--- DATA UNDER STUDY Enclosed Below ---

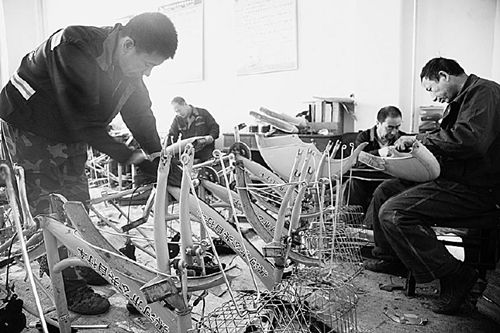 工作人員取掉各網(wǎng)點(diǎn)防護(hù)罩并為控制器安裝電瓶進(jìn)行調(diào)試維修人正在對(duì)自行車進(jìn)行檢修
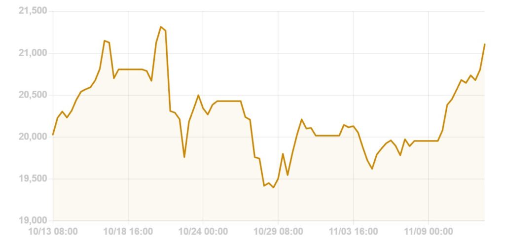 次に、本記事執筆時点(2025年11月)から直近1カ月の間の、短期的な価格動向も確認しておこう。
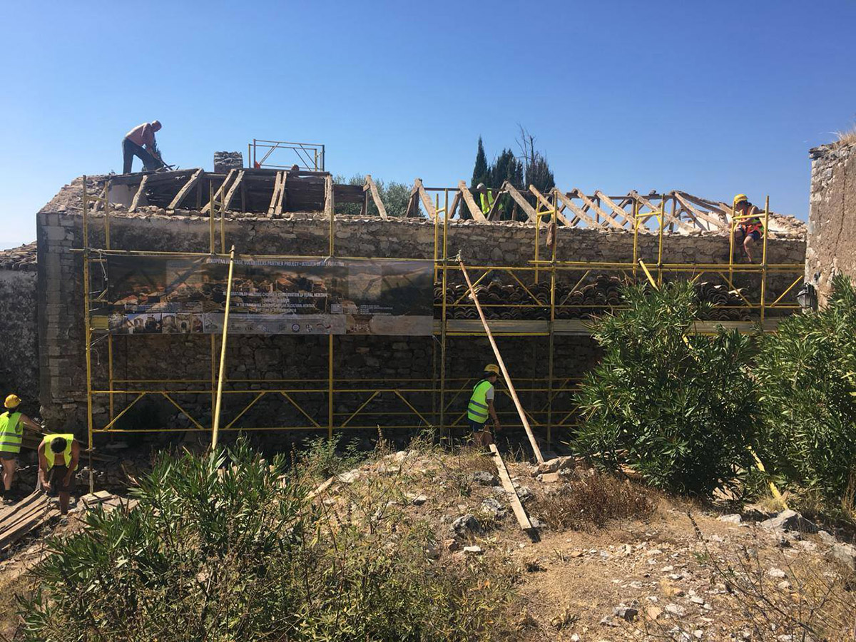 The group’s days in the Historic Town of Himara were divided into working hours and educational activities - including presentations and tours. The structure of the roof was taken down in the first days which was an intensive work for the volunteers, but it was all managed through the help and expertise of the master carpenters, who helped guide in the reconstruction of the wooden roof while instructing the team with local techniques. The project was unique in the sense that it was a fundamental part of the local community. As the volunteers themselves recall, many would visit the siteworks and express their wishes, slowly recovering their space.
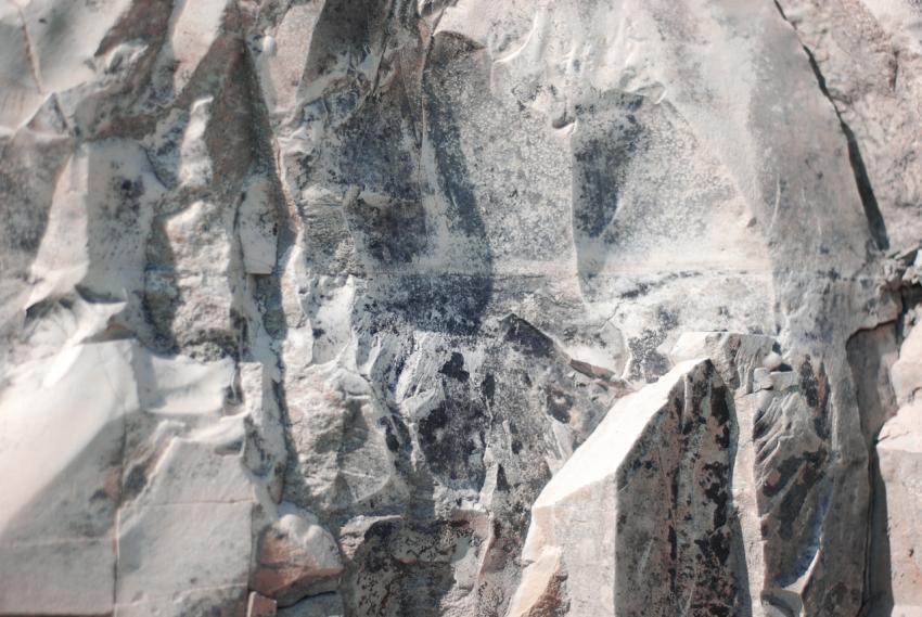 Texture of an old gray wall surface with deep cracks and tattered green paint
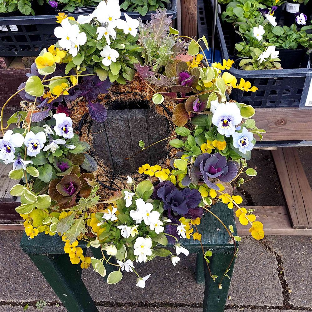 ビオラとハボタンのリング寄せ植え🌱🌸
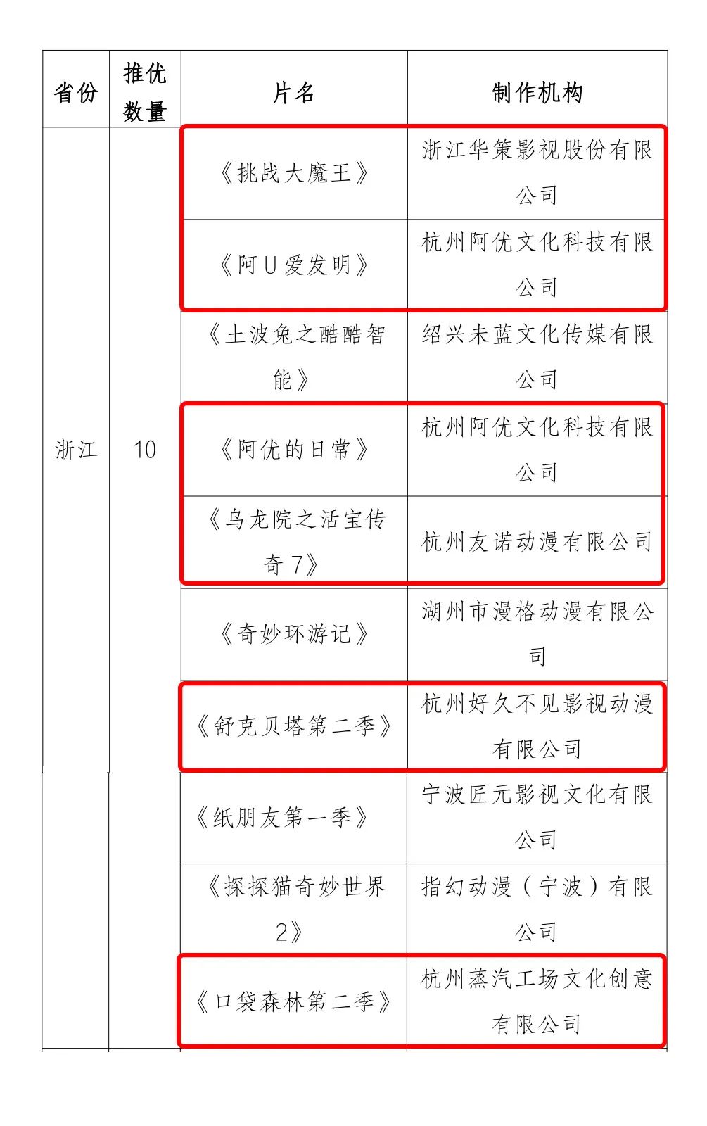 这6部杭产动画片分别是:浙江华策影视股份有限公司的《挑战大魔王》,杭州阿优文化科技有限公司的《阿U爱发明》《阿优的日常》,杭州友诺动漫有限公司的《乌龙院之活宝传奇7》,杭州好久不见影视动漫有限公司的《舒克贝塔》第二季,杭州蒸汽工场文化创意有限公司的《口袋森林》第二季。 入选广电总局推优的6部杭产动画片
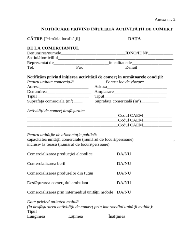 How to fill notificare privind iniierea activitii de comer ctre word template

--- End of Enclosed DATA UNDER STUDY ---

Give back exactly the lines from the opening of the listing through the line holding "The group’s days", both ends included, with every picture omitted.

 工作人員取掉各網(wǎng)點(diǎn)防護(hù)罩并為控制器安裝電瓶進(jìn)行調(diào)試維修人正在對(duì)自行車進(jìn)行檢修
 次に、本記事執筆時点(2025年11月)から直近1カ月の間の、短期的な価格動向も確認しておこう。
 The group’s days in the Historic Town of Himara were divided into working hours and educational activities - including presentations and tours. The structure of the roof was taken down in the first days which was an intensive work for the volunteers, but it was all managed through the help and expertise of the master carpenters, who helped guide in the reconstruction of the wooden roof while instructing the team with local techniques. The project was unique in the sense that it was a fundamental part of the local community. As the volunteers themselves recall, many would visit the siteworks and express their wishes, slowly recovering their space.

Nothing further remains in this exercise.